It seems to work, but is it safe to use self
after forking? Or should I always pass arguments to the subprocess as function parameters through args
?
import multiprocessing as mp
class C():
def __init__(self):
self.v = 'bla'
p = mp.Process(target=self.worker, args=[])
#p = mp.Process(target=self.worker, args=(self.v,))
p.start()
p.join()
def worker(self):
print(self.v)
#def worker(self, v):
#print(v)
c = C()
# prints 'bla'
To be more specific, I want to pass manager.Queue() objects, not sure, if it makes a difference.
If this was a simple C fork(), since the whole process is copied identically - except for the pid -, self
would be the same. But Python multiprocessing may be doing something I am not aware of, or there may be a warning somewhere like "don't use it like this, this may change in the future". I did not find anything addressing specifically this question.
My actual worries is that arguments passed in args
, especially if they are associated with the multiprocessing module may be transformed around fork() to avoid whatever problems.
Python 3.6.5
For anything other than the fork start method, both the target and the arguments are sent to the worker processes using pickling, when Process.start()

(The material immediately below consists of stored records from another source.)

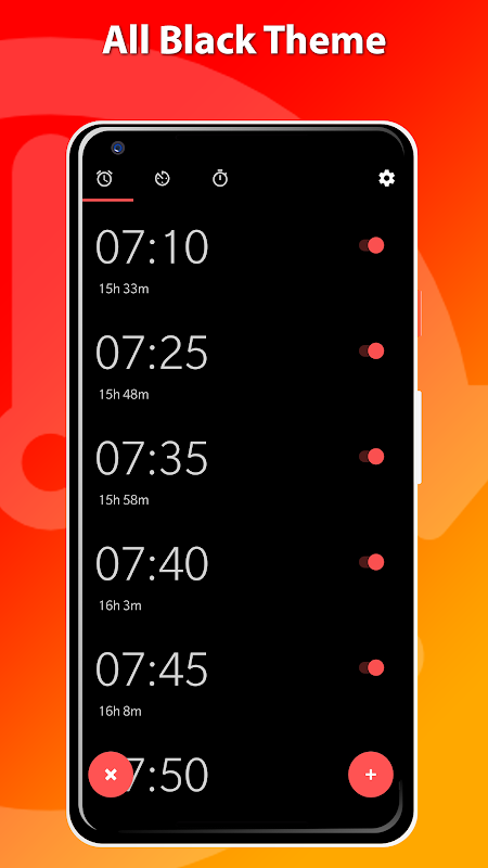 With OneClock you can set up to 8 alarms at once. You can change the number of alarms and time difference between alarms in the settings menu. It's also possible to add just one alarm.
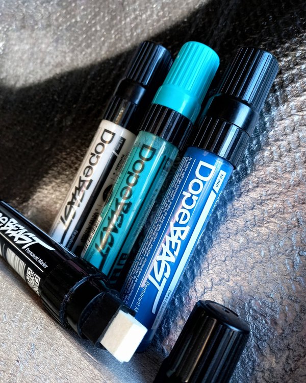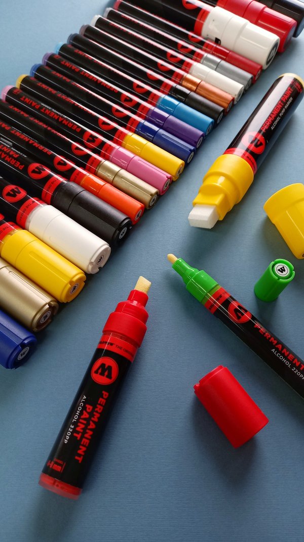 Самый большой маркер в линейке Molotow, он дает возможность быстро работать по большим поверхностям без потери качества. Линия имеет ширину до 60 мм, но благодаря восьмиканальной системе и особому клапану чернила ложатся равномерно и плотно, да к тому же и без подтеков.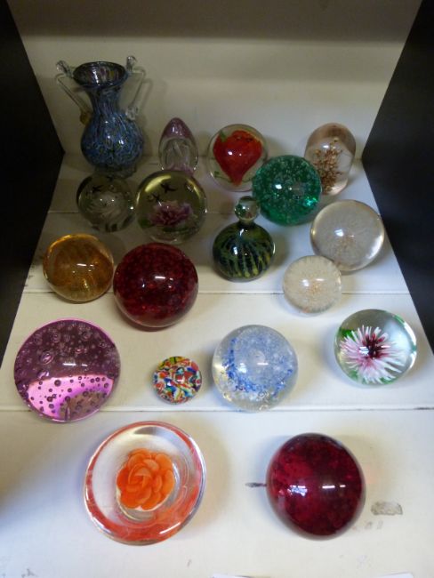 Twenty various glass paperweights including Mdina together with a millefiore glass vase.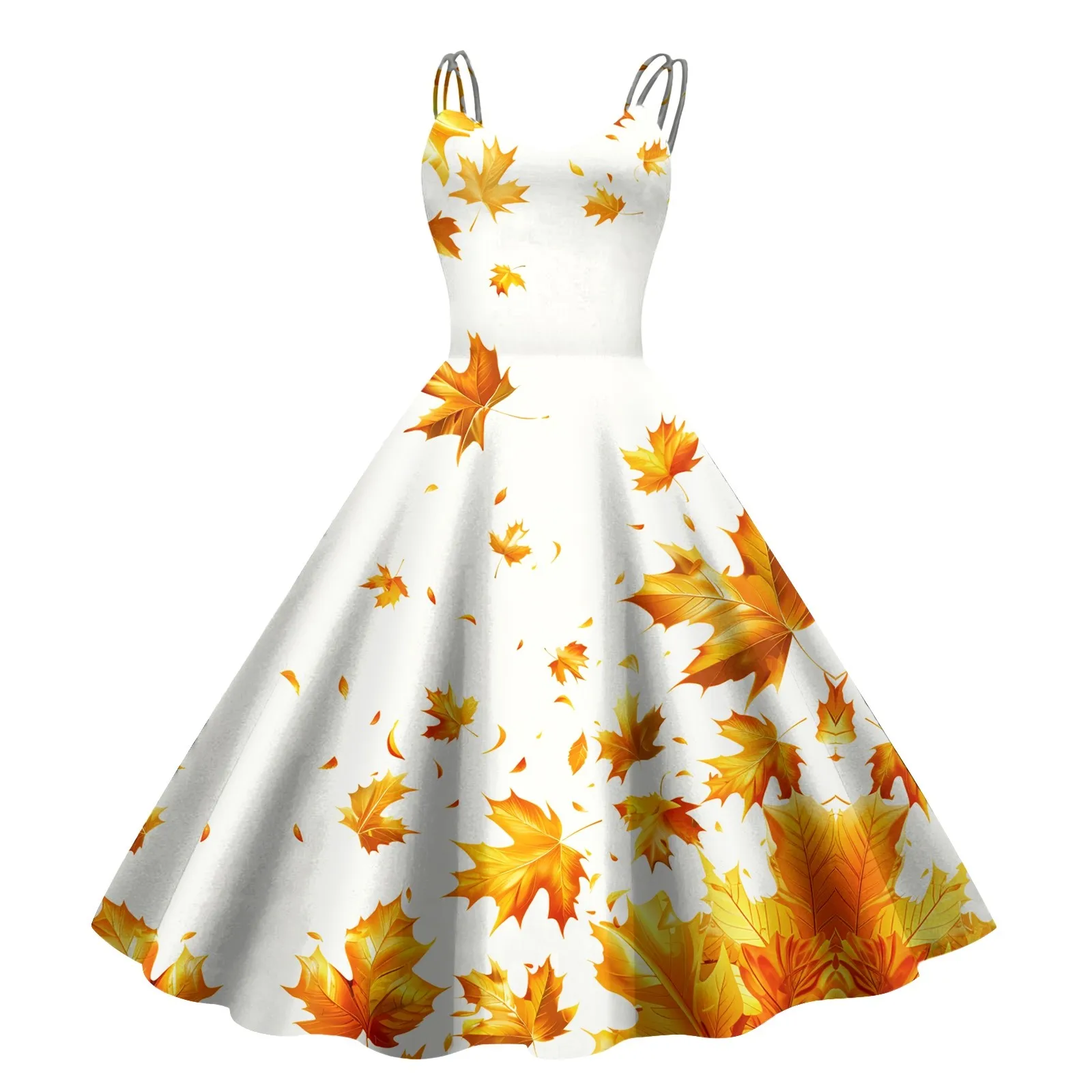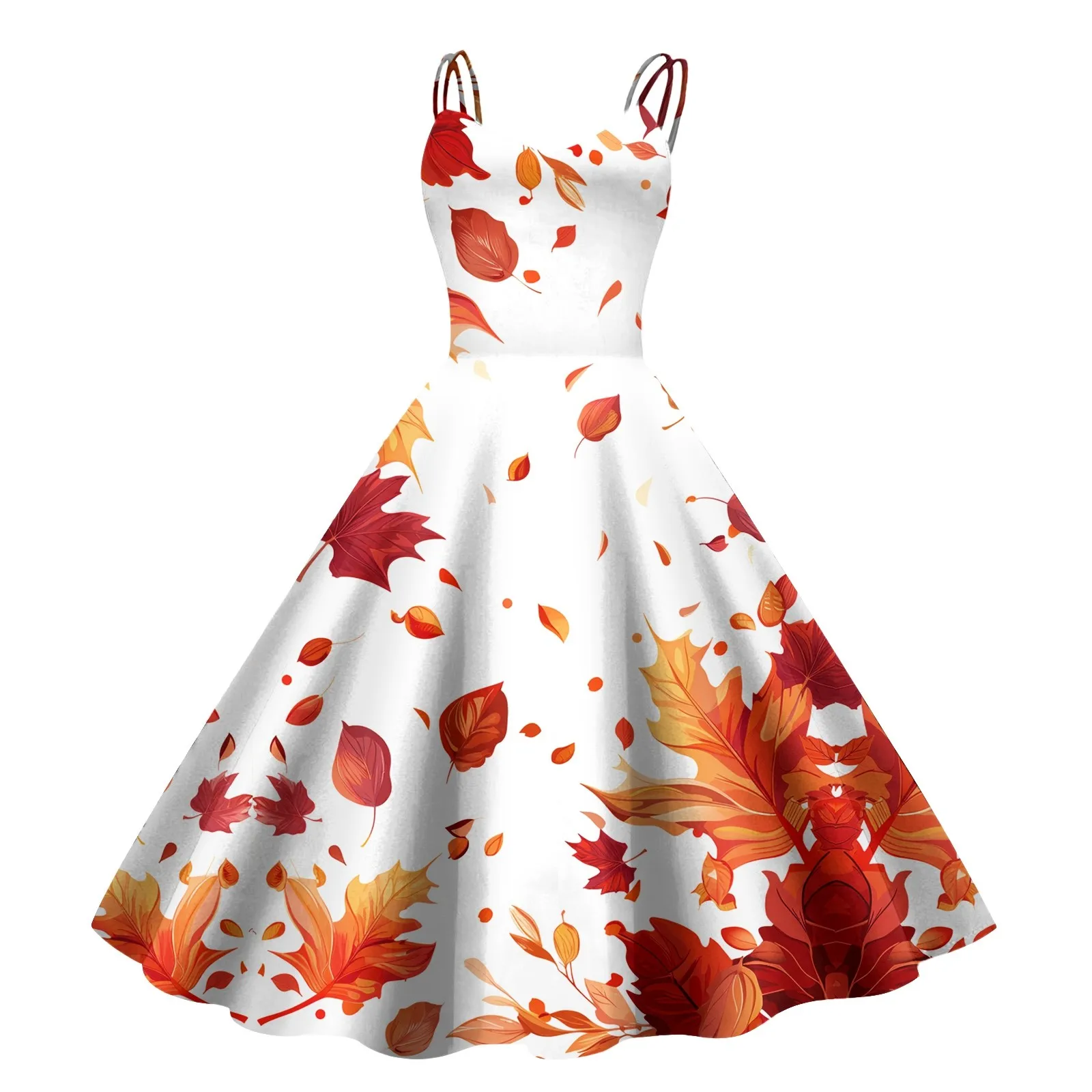 Women's Fashionable Thanksgiving Printed Strap Zipper Casual Retro Long Dress (4)

is called. For the fork method, the child process is forked at the same point, so when Process.start()
is called.
So when you don't use the fork start method, what you need to worry about is if your data can be pickled. When that is the case then there is no reason to avoid using a class instance and self
; the whole instance is pickled as self.target
is a method that includes a reference to the instance:
>>> class C:
... def __init__(self):
... self.v = 'bla'
... def worker(self):
... print(self.v)
...
>>> c = C()
>>> data = pickle.dumps(c.worker)
>>> pickletools.dis(data)
0: \x80 PROTO 4
2: \x95 FRAME 71
11: \x8c SHORT_BINUNICODE 'builtins'
21: \x94 MEMOIZE (as 0)
22: \x8c SHORT_BINUNICODE 'getattr'
31: \x94 MEMOIZE (as 1)
32: \x93 STACK_GLOBAL
33: \x94 MEMOIZE (as 2)
34: \x8c SHORT_BINUNICODE '__main__'
44: \x94 MEMOIZE (as 3)
45: \x8c SHORT_BINUNICODE 'C'
48: \x94 MEMOIZE (as 4)
49: \x93 STACK_GLOBAL
50: \x94 MEMOIZE (as 5)
51: ) EMPTY_TUPLE
52: \x81 NEWOBJ
53: \x94 MEMOIZE (as 6)
54: } EMPTY_DICT
55: \x94 MEMOIZE (as 7)
56: \x8c SHORT_BINUNICODE 'v'
59: \x94 MEMOIZE (as 8)
60: \x8c SHORT_BINUNICODE 'bla'
65: \x94 MEMOIZE (as 9)
66: s SETITEM
67: b BUILD
68: \x8c SHORT_BINUNICODE 'worker'
76: \x94 MEMOIZE (as 10)
77: \x86 TUPLE2
78: \x94 MEMOIZE (as 11)
79: R REDUCE
80: \x94 MEMOIZE (as 12)
81: . STOP
highest protocol among opcodes = 4
In the above stream you can clearly see v
, 'blah'
and worker
named.
If you do use the fork start method, then the child process simply has full access to everything that was in memory in the parent process; self
is still referencing the same object you had before forking. Your OS takes care of the details there, such as ensuring that file descriptors are independent, and that the child process gets a copy of the memory blocks that are being altered.
Either way, further changes you make to the instance won't be visible to the parent process, unless you explicitly use data structures designed to be shared.